→ **AVAILABLE DATA**

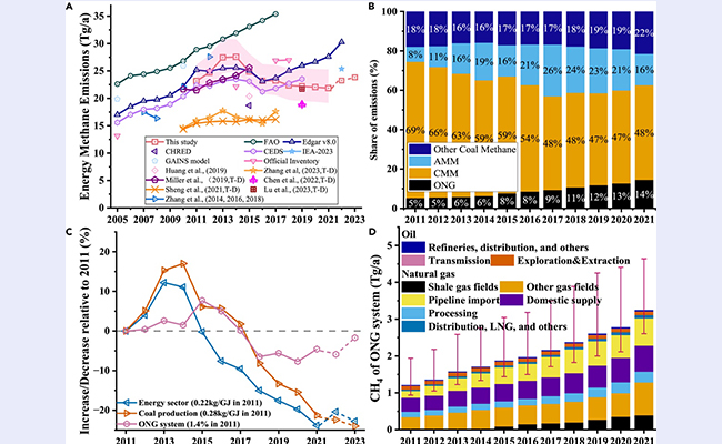 近日,心博在线登录入口核研院能源环境经济研究所滕飞教授课题组构建了设施级中国能源甲烷排放动态数据库,揭示了2011至2021年间甲烷排放的时空变化特征与驱动机制。
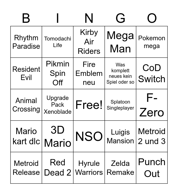 This bingo card has a free space and 24 words: Metroid Release, 3D Mario, Fire Emblem neu, Zelda Remake, Pokemon mega, Rhythm Paradise, Tomodachi Life, Kirby Air Riders, Splatoon Singleplayer, F-Zero, Animal Crossing, Pikmin Spin Off, Luigis Mansion, Metroid 2 und 3, Resident Evil, Red Dead 2, Hyrule Warriors, Mega Man, CoD Switch, Mario kart dlc, Upgrade Pack Xenoblade, NSO, Was komplett neues kein Spiel oder so and Punch Out.
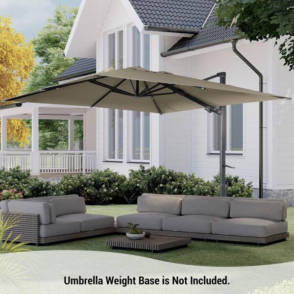 10 ft. x 10 ft. Aluminum Cantilever Umbrella Square Crank Market Umbrella Tilt Patio Umbrella in Tan

→ **WHAT THIS TASK INVOLVES**
Write the listing out in full, exactly; no images.

→ **WRITTEN SOLUTION**
 近日,心博在线登录入口核研院能源环境经济研究所滕飞教授课题组构建了设施级中国能源甲烷排放动态数据库,揭示了2011至2021年间甲烷排放的时空变化特征与驱动机制。
 This bingo card has a free space and 24 words: Metroid Release, 3D Mario, Fire Emblem neu, Zelda Remake, Pokemon mega, Rhythm Paradise, Tomodachi Life, Kirby Air Riders, Splatoon Singleplayer, F-Zero, Animal Crossing, Pikmin Spin Off, Luigis Mansion, Metroid 2 und 3, Resident Evil, Red Dead 2, Hyrule Warriors, Mega Man, CoD Switch, Mario kart dlc, Upgrade Pack Xenoblade, NSO, Was komplett neues kein Spiel oder so and Punch Out.
 10 ft. x 10 ft. Aluminum Cantilever Umbrella Square Crank Market Umbrella Tilt Patio Umbrella in Tan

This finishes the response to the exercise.